Here, There and Everywhere
For the West, however, the question is much easier to answer. It all began when a British indie rock band called the Beatles hit up Rishikesh, India, in the late 1960s. The photographer Paul Saltzman, recovering from a breakup, traveled to the ashram in 1968, where he found the Fab Four (and Mia Farrow, for some reason) seeking “revelatory answers to the major questions of life and death.” The band wore kurtas, and the photographer did too.
Saltzman absolutely loved the kurta, and he’s worn it ever since. In an email, he called the kurta “the singular most comfy clothes ever!!! Like wearing nothing but being clothed.” (That’s a fair description.) He tells me he owns about a dozen and he always wears one to Indian weddings.
The Kurta, Commoditized
Like any “ethnic” thing that becomes cool to white people, you can find the kurta at a store for basic bros near you. Recently, I spotted a cheap, plain-looking kurta, sold as a beach cover-up, for $118 at J.Crew; there’s also a $265 “kurta-inspired” piece of beachwear at Nordstrom.
Is this cultural appropriation? And why did it make me so mad? (It’s not an $800 turban, after all.) Frankly, seeing this stuff hurts. For me, Indian culture wasn’t always seen as “cool,” and if you never got harassed for it, you shouldn’t get to use it as a beach accessory.
Ng’weno says “there’s no clear answer” to the cultural-appropriation question that pops up over and over again, like when Kendall Jenner tries cornrows. The real question, she says, is “what damage does it do?” Real cultural appropriation is when people want the art but not the culture that goes with it — or, worse, the people who go with the culture, she explains. “Ethnic is chic when it’s not combined with the people.” This is “an important complaint,” Ng’weno explains. “It’s about marking the ways that discrimination works.”

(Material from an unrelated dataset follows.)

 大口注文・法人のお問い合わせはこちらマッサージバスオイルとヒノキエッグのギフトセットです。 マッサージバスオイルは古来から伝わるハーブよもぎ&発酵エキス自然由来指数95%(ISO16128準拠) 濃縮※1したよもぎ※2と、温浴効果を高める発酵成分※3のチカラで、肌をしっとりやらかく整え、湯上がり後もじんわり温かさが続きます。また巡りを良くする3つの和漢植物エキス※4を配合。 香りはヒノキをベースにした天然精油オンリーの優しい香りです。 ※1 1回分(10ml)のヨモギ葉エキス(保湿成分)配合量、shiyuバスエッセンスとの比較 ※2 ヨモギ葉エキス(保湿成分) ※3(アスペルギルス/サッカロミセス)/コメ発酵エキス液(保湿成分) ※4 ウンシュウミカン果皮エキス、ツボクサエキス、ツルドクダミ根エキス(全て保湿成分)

Still, she adds, “I don’t think any style comes from nowhere.” She compares clothing like this to tamarind, a fruit I know from Indian cooking but which actually came from East Africa, and she asks if its origin needs to be acknowledged every time we cook with it.
Damn, I feel seen. But it’s eye-opening, because as I start to see the kurta’s influence bleed into modern American style more and more, I honestly don’t hate it.
Case in point…
That Really Long Shirt You See Everywhere
Walking home most days, I see a kurta-inspired shape in Manhattan’s trendy SoHo neighborhood: the long-line tee. It’s a dress-like T-shirt with a fitted top and a flowing, exaggerated hemline, itself a slim-fit version of the XXXL tall tee of the later aughts. Hypebeasts often pair it with skinny jeans, an outfit mainstreamed by stylish contrarian Kanye West. Just look at this long-ass shirt available at Asos and tell me it’s not a kurta by another name.

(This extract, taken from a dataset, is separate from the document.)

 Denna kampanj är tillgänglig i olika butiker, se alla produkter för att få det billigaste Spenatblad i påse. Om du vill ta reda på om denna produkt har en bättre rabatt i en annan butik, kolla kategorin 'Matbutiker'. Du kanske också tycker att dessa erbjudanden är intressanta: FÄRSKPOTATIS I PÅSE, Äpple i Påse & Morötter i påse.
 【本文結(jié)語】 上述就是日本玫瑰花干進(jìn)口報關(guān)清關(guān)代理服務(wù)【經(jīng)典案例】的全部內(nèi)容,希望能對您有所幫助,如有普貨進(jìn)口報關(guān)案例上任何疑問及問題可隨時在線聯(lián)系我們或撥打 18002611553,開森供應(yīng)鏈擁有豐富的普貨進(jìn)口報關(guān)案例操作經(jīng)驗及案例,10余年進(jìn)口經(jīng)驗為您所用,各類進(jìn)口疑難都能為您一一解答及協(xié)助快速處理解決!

Where have you seen this before? Likely on comedian Dave Chappelle, who walks through a desert in a long-line tee and leather pants in the trailer for his third Netflix special, Sticks and Stones.
The silhouette may be similar to a kurta, but I’m still working on wearing a “real” kurta on the street here. I worry I might look like a viral marketing prop for turmeric lattes marketed to a group of white tourists outside of Kate Spade.
I know that’s unfair, but in the end, it all comes back to my deep-seated fear of standing out. In the story of every first-generation American immigrant, there’s an account of being embarrassed by their traditional ancestral clothing; it’s usually in the same chapter as bringing “smelly” food to school. And just as I regret not taking some chicken curry to school to flex on my pale classmates whose faces were stained with SpaghettiOs, I wish I’d embraced this sartorial part of my heritage long ago.
It’s too late for me to capitalize on my culture with a food truck, but I can at least figure out how to wear a kurta with pride.